LONDON (Financial Times) -- The U.K. has become the first country to approve a COVID-19 vaccine after large-scale clinical trials and will make the shot from BioNTech and Pfizer available for the first round of inoculations next week.
Germany's BioNTech and U.S. pharmaceutical company Pfizer said doses of the vaccine would be delivered to the U.K. in the coming days after the U.K.'s Medicines and Healthcare products Regulatory Agency announced the approval on Wednesday morning.
The BioNTech/Pfizer shot is 95% effective in preventing the disease, according to data released last month from the companies' Phase 3 trial, which involved more than 43,000 people.
"This is unquestionably good news but it is not the end of the story," Boris Johnson, U.K. prime minister, told members of parliament. Johnson has said the shot will be made available across the country from "next week," but cautioned that vaccinations would take time.
The inoculation, which uses novel mRNA technology, is still under review by U.S. and EU regulators. A decision from the U.S. Food and Drug Administration is expected in mid-December, but the Amsterdam-based European Medicines Agency has said it is unlikely to approve the jab until the end of the month.
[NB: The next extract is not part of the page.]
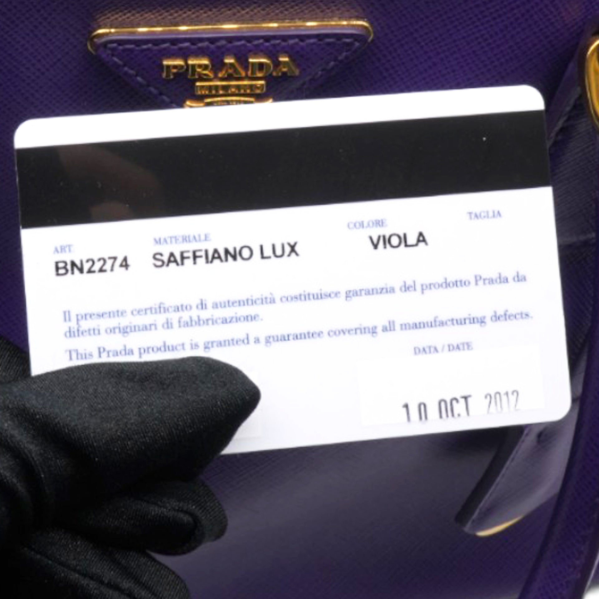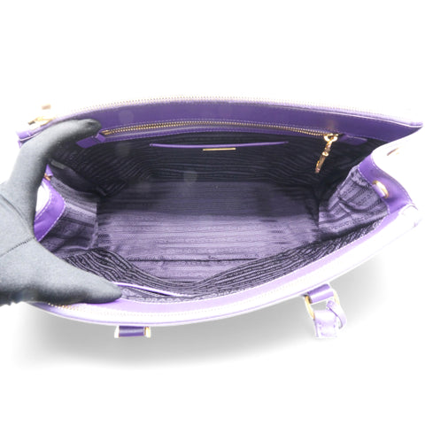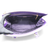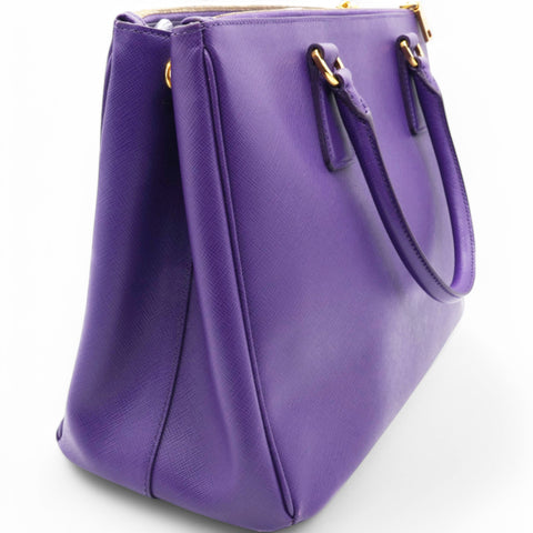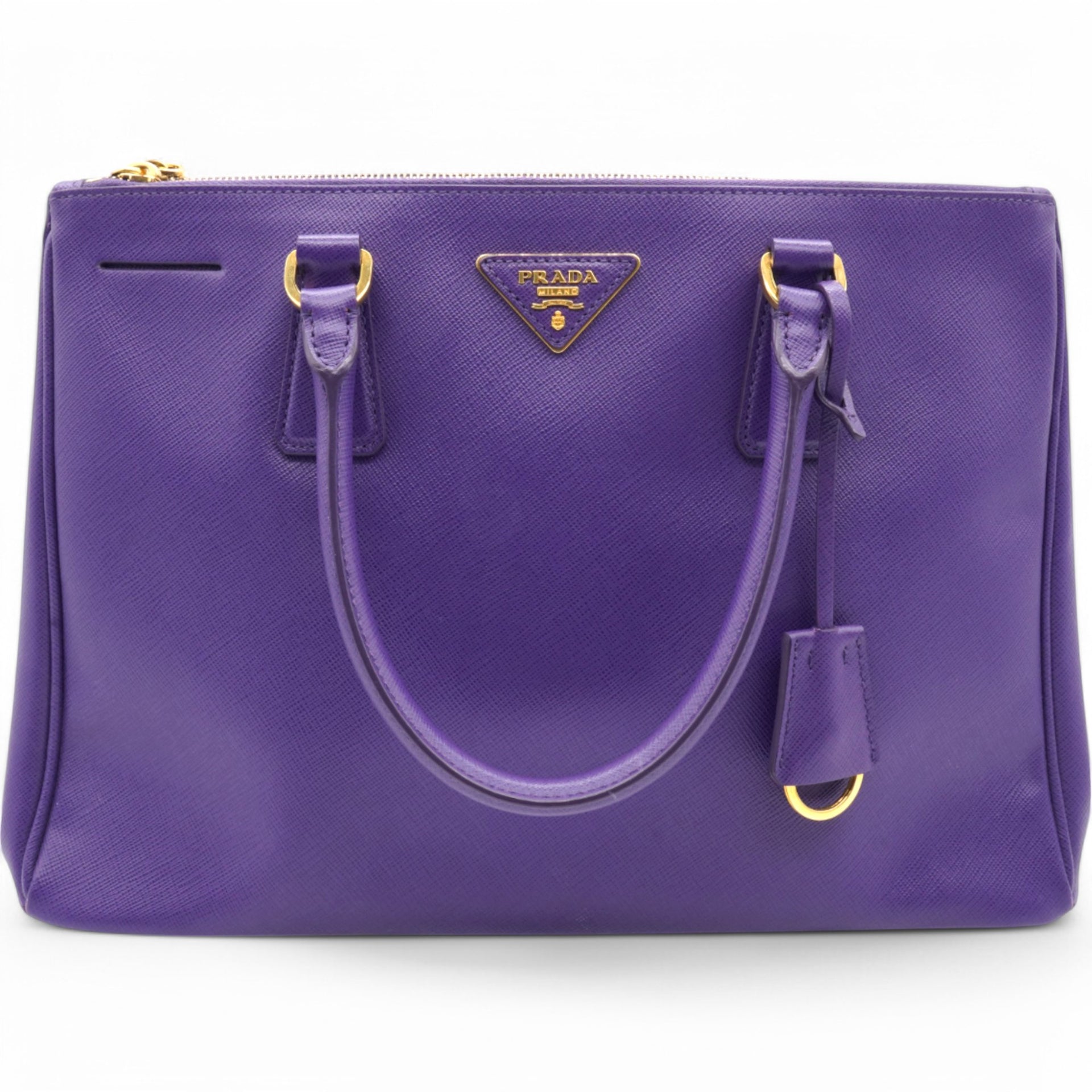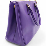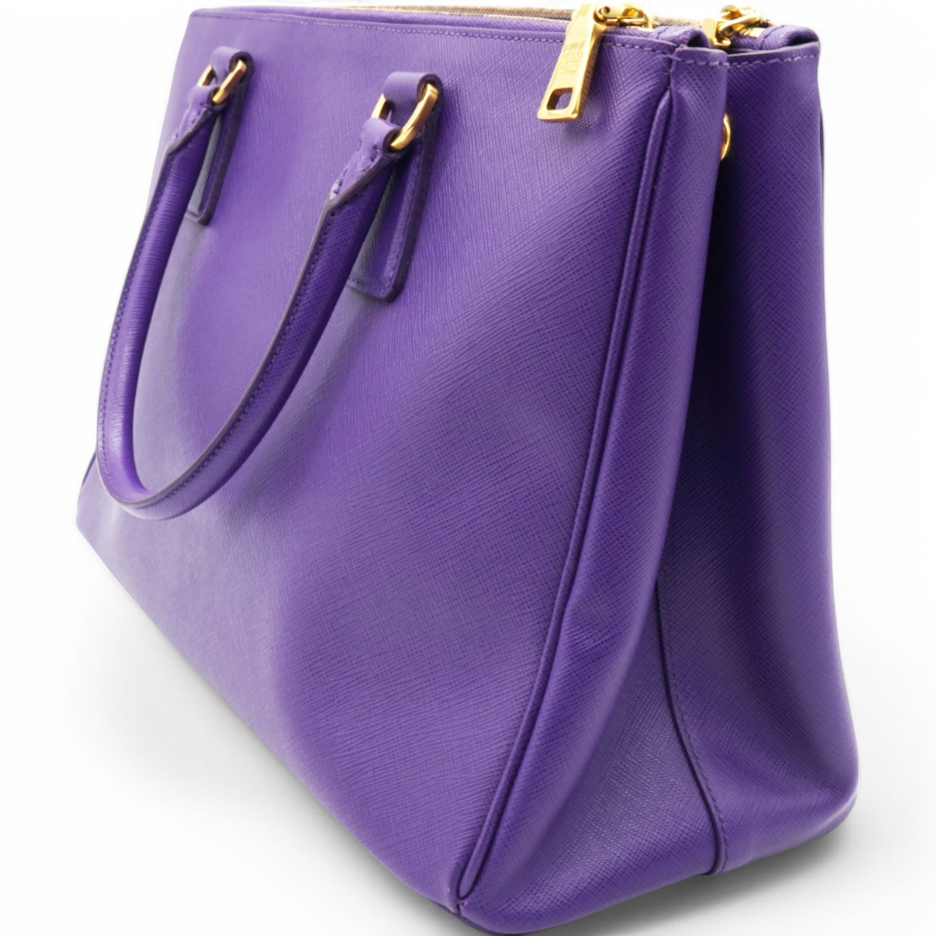 | This chic tote is crafted of violet cross-grain Saffiano leather and features rolled leather top handles with polished brass links and an optional shoulder strap with brass claps. The top features two side full-width zippered compartments and is open to a Prada jacquard monogram interior with a zipper and patch pocket. |
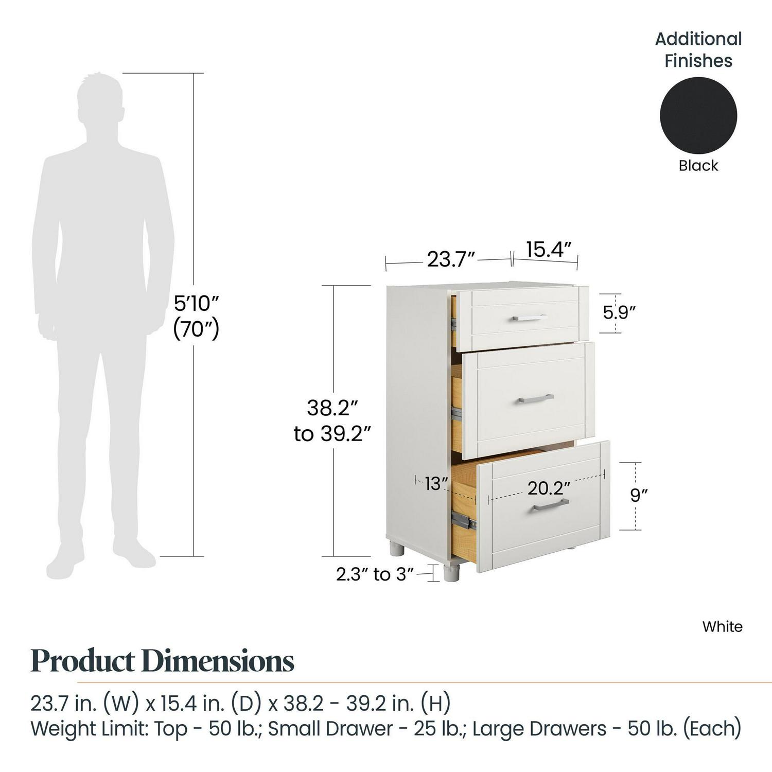 – The Base Cabinet ships flat to your door and 2 adults are recommended to assemble. The top surface can hold up to 50 lbs. The smaller drawer can hold 25 lbs. while each of the lower drawers can hold 50 lbs. Assembled dimensions: 38.25-39.25″H x 23.69″W x 15.38″D

China and Russia have approved COVID-19 vaccines for early or limited use but both countries authorized the shots without waiting for the results of Phase 3 trials, provoking criticism from some experts who cautioned that the rushed process was risky.
The MHRA approved the BioNTech/Pfizer shot following "an extremely thorough and scientifically rigorous review of all the evidence," said June Raine, the agency's chief executive. "The public can be absolutely confident that the standards we have worked to are equivalent to those around the world."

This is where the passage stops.